• Task instructions: Starting at the line containing "Нижний кадр: та" and ending at the line containing "Convocatòria Junta General", transcribe the listing below exactly. Keep both end lines, skip the pictures, and copy nothing else.

• Dataset content:
- Opening Delimiter -

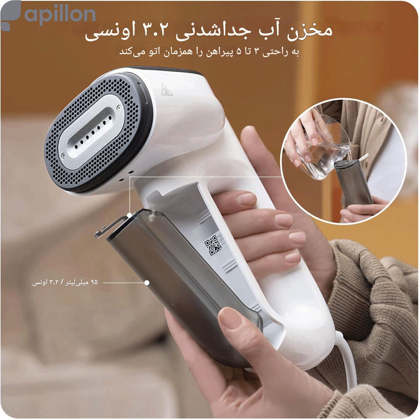 ۲ مخزن آب جداشدنی – کافی برای ۳ تا ۵ پیراهن
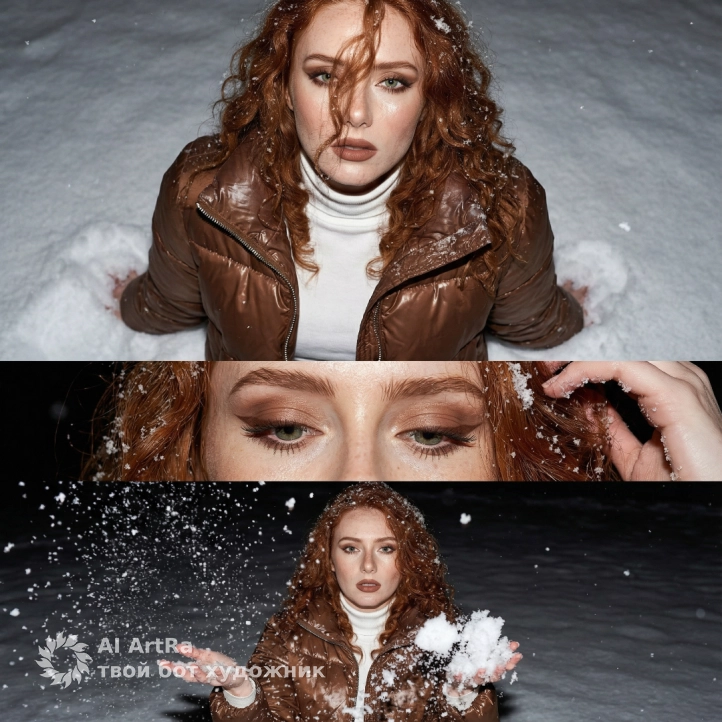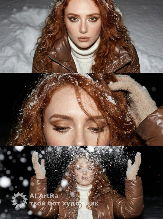 Нижний кадр: та же девушка с той же прической и одеждой подкидывает снег вверх над собой, снег на переднем плане Use the user's appearance 1:1 — face, skin, hair and body without any changes.
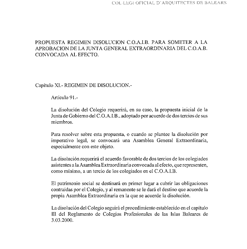 Convocatòria Junta General Extraordinària per a aprovació del Règim de Dissolució del COAIB, i la seva inclusió dels Estatus ja aprovats a la Junta General Extraordinària de data 13 de març de 2001.
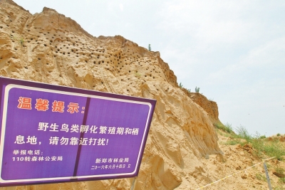 為保護鳥兒安全度過繁育期,河南省森林公安局、河南省野生鳥類觀察學會在土堆前立了一塊警示牌,上書“鳥類棲息地,禁止靠近”,呼吁社會善待候鳥。而新鄭市林業(yè)局林政科有關人員在接受記者采訪時亦稱:“我們只要一接到群眾舉報,立即會同公安機關,盡快把這些燕子集中育雛地保護起來,除告知施工單位停工外,還在一定區(qū)域內拉起警戒線,禁止無關人員驚擾燕子孵卵育雛,今年新鄭市總共有三處燕子育雛地被集中保護,新鄭市保護崖沙燕的善舉曾得到過中央級媒體的表揚,接下來我們會再接再厲,爭取做得更好?!?/p>
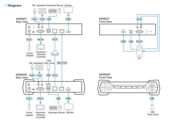 The 4K HDMI KVM over IP Extender consists of a Transmitter unit that connects to the computer and a Receiver unit that provides console access from a separate location. The computer is accessed from the remote console over a standard TCP/IP network via Cat 5e/6 cable that allows point-to-point, point-to-multipoint, multipoint-topoint, and multipoint-to-multipoint administration. KE8952 can be connected either directly to each other or via a high-speed network, over a copper-based or fiber-based LAN.
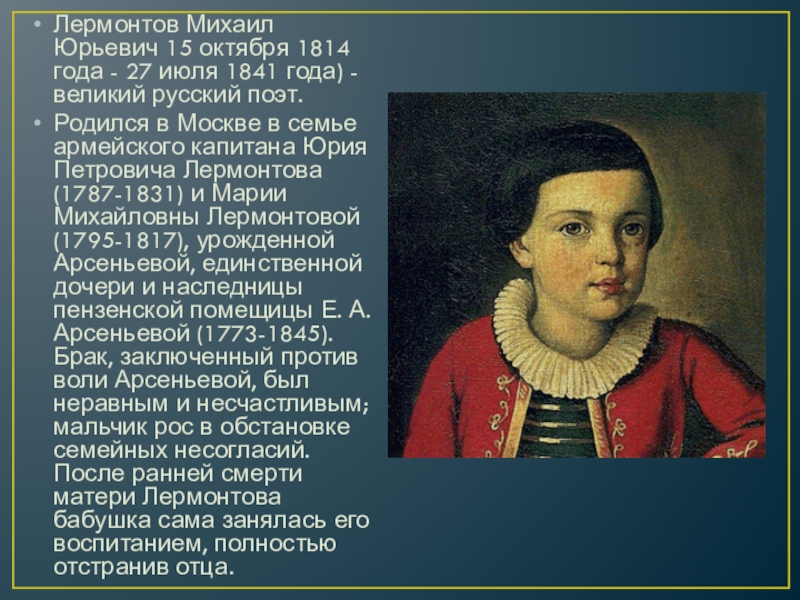 Лермонтов Михаил Юрьевич 15 октября 1814 года - 27 июля 1841 года) - великий русский поэт.Родился в Москве в семье армейского капитана Юрия Петровича Лермонтова (1787-1831) и Марии Михайловны Лермонтовой (1795-1817), урожденной Арсеньевой, единственной дочери и
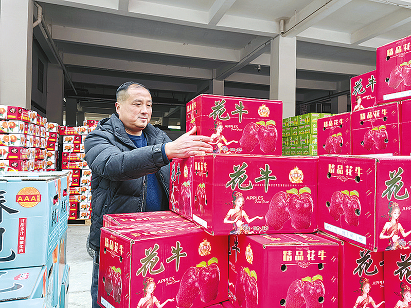 线下市场购销两旺,线上渠道销量同样可观。市场内的打包区,工人们正忙着分拣、装箱、打包,忙碌而有序。商户赵龙告诉记者,精致的水果礼盒在各大电商平台上销量持续走高,成为线上年货采购的热门选择。
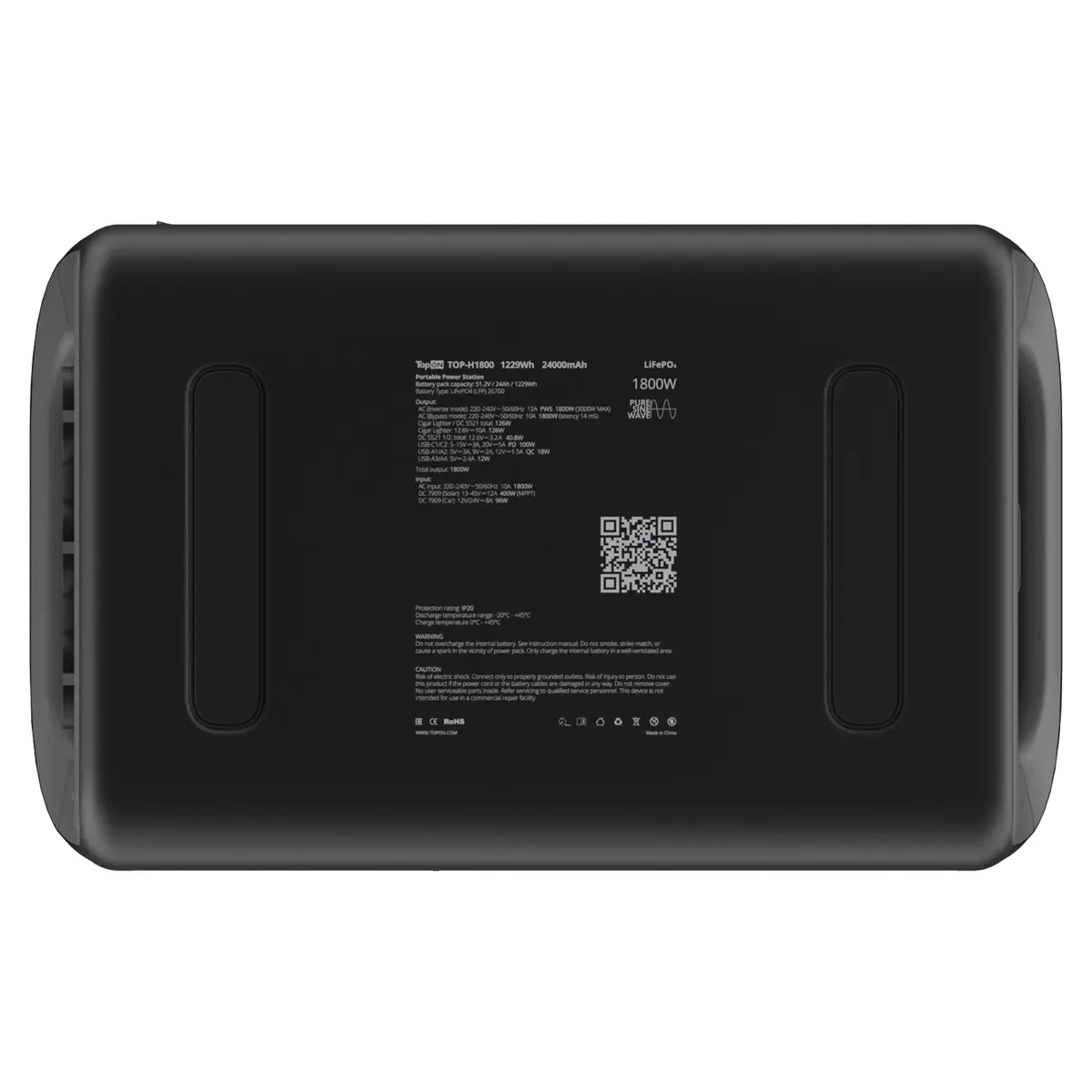 Надежность и долговечность: TOP-H1800 построена на базе литий-железо-фосфатных (LiFePO4) батарей, которые обеспечивают более 4000 циклов зарядки и срок службы свыше 10 лет. Прочный корпус из ABS-пластика с алюминиевым каркасом защищает устройство от повреждений, а интеллектуальная система управления батареей (BMS) предотвращает перегрев, перезаряд и короткие замыкания.
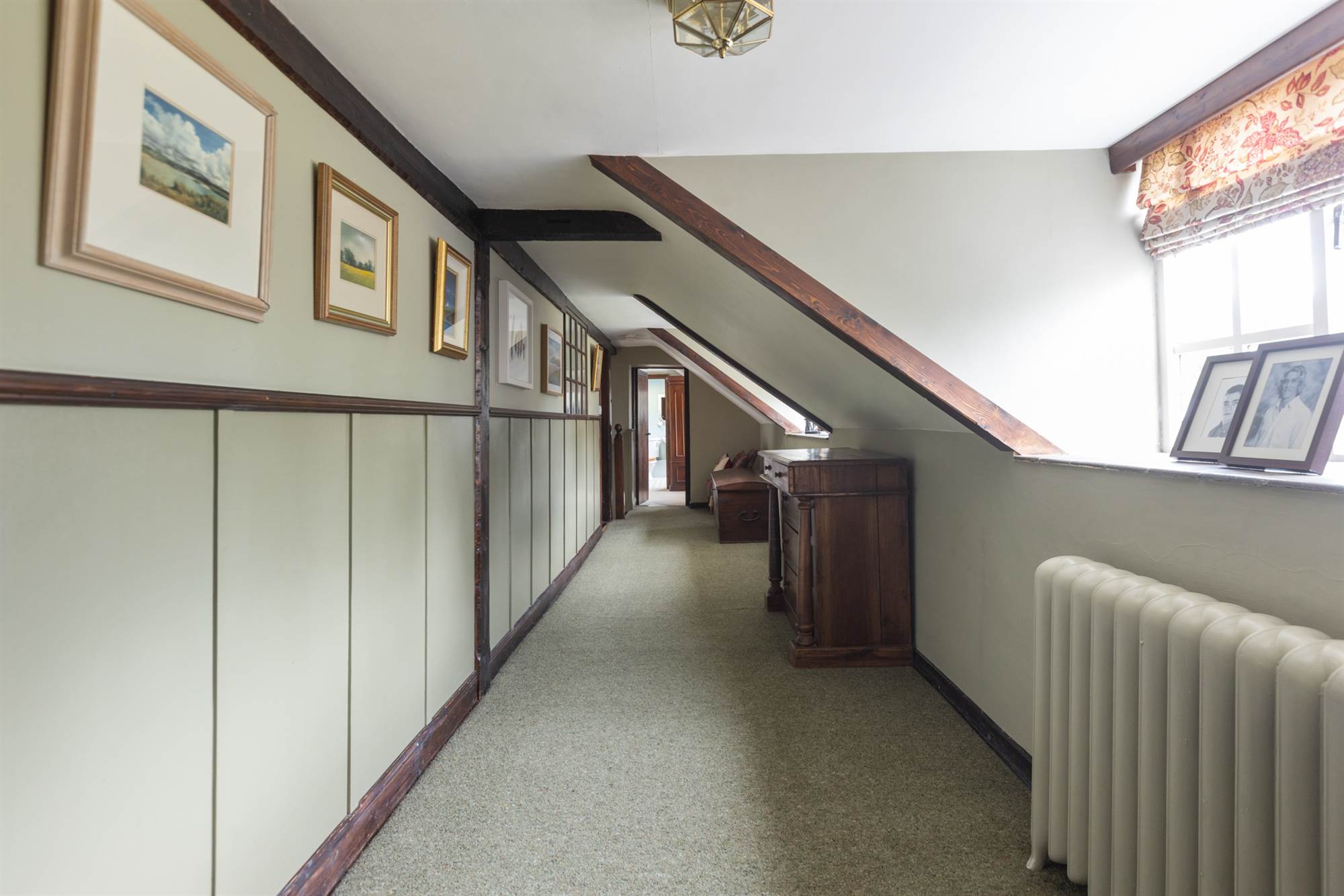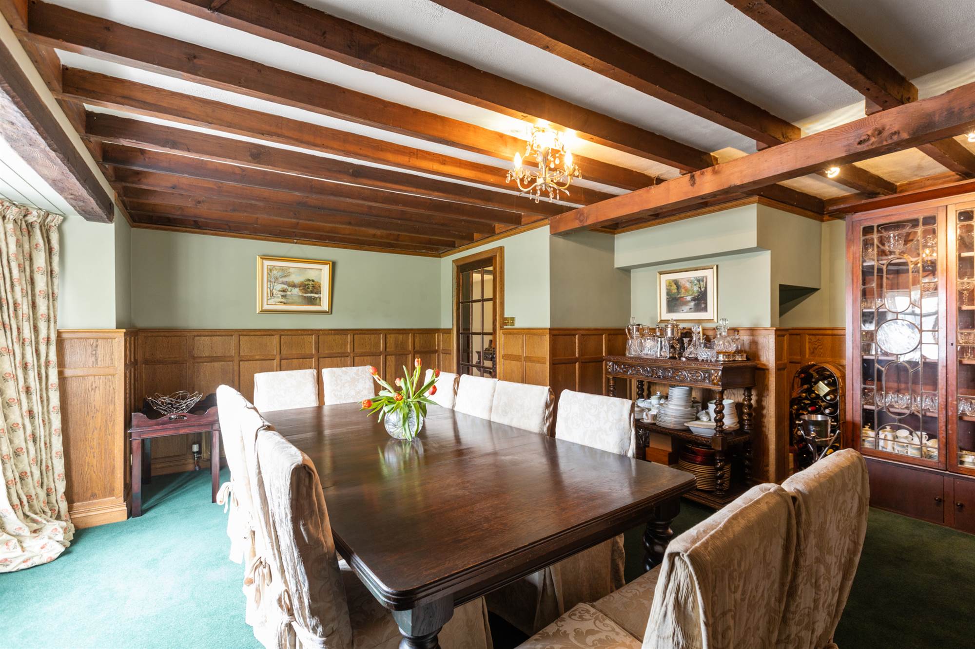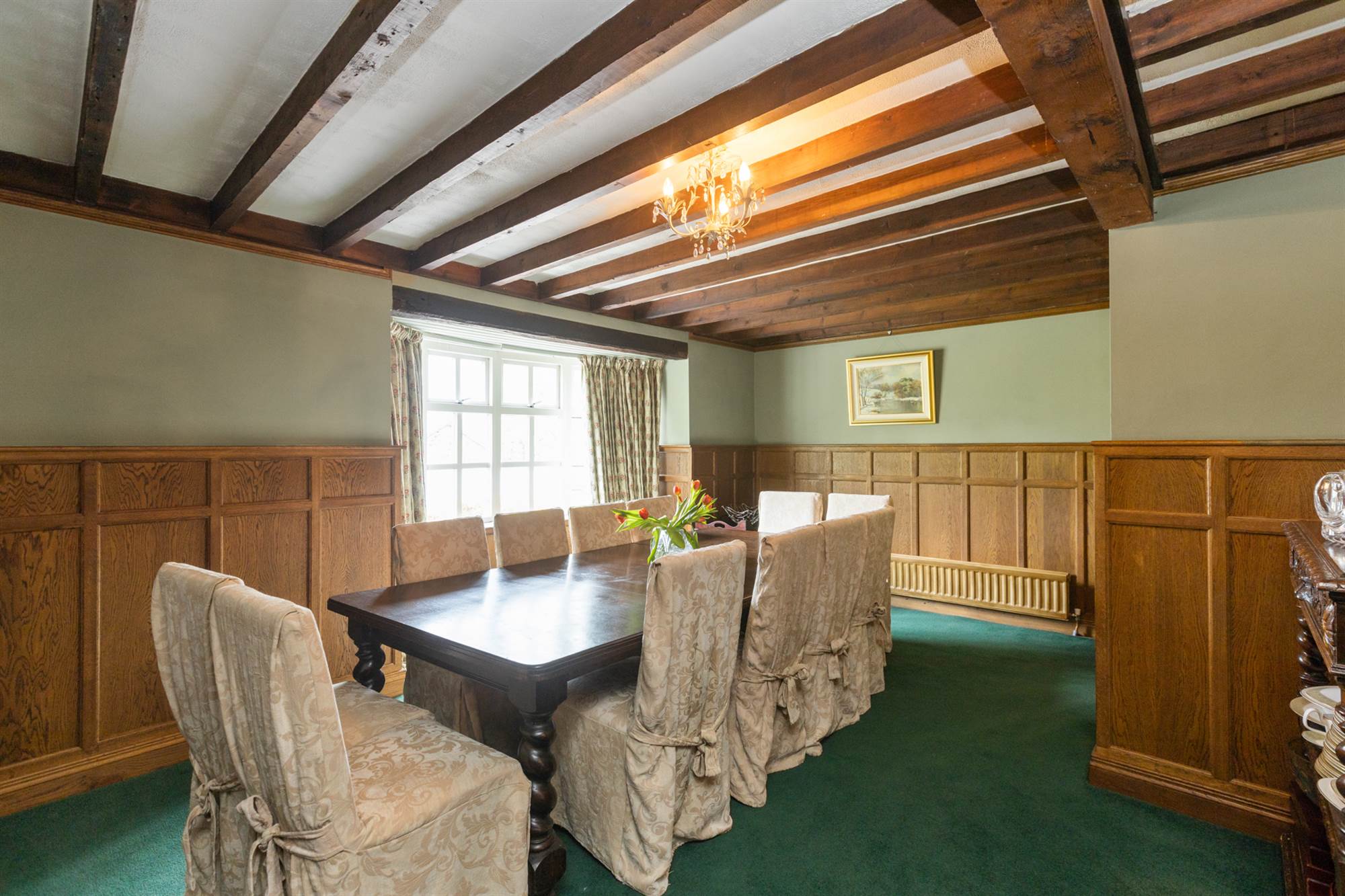 Marble fireplace. Exposed beams. Solid oak panelling.

- Closing Delimiter -

• Task answer:
 Нижний кадр: та же девушка с той же прической и одеждой подкидывает снег вверх над собой, снег на переднем плане Use the user's appearance 1:1 — face, skin, hair and body without any changes.
 Convocatòria Junta General Extraordinària per a aprovació del Règim de Dissolució del COAIB, i la seva inclusió dels Estatus ja aprovats a la Junta General Extraordinària de data 13 de març de 2001.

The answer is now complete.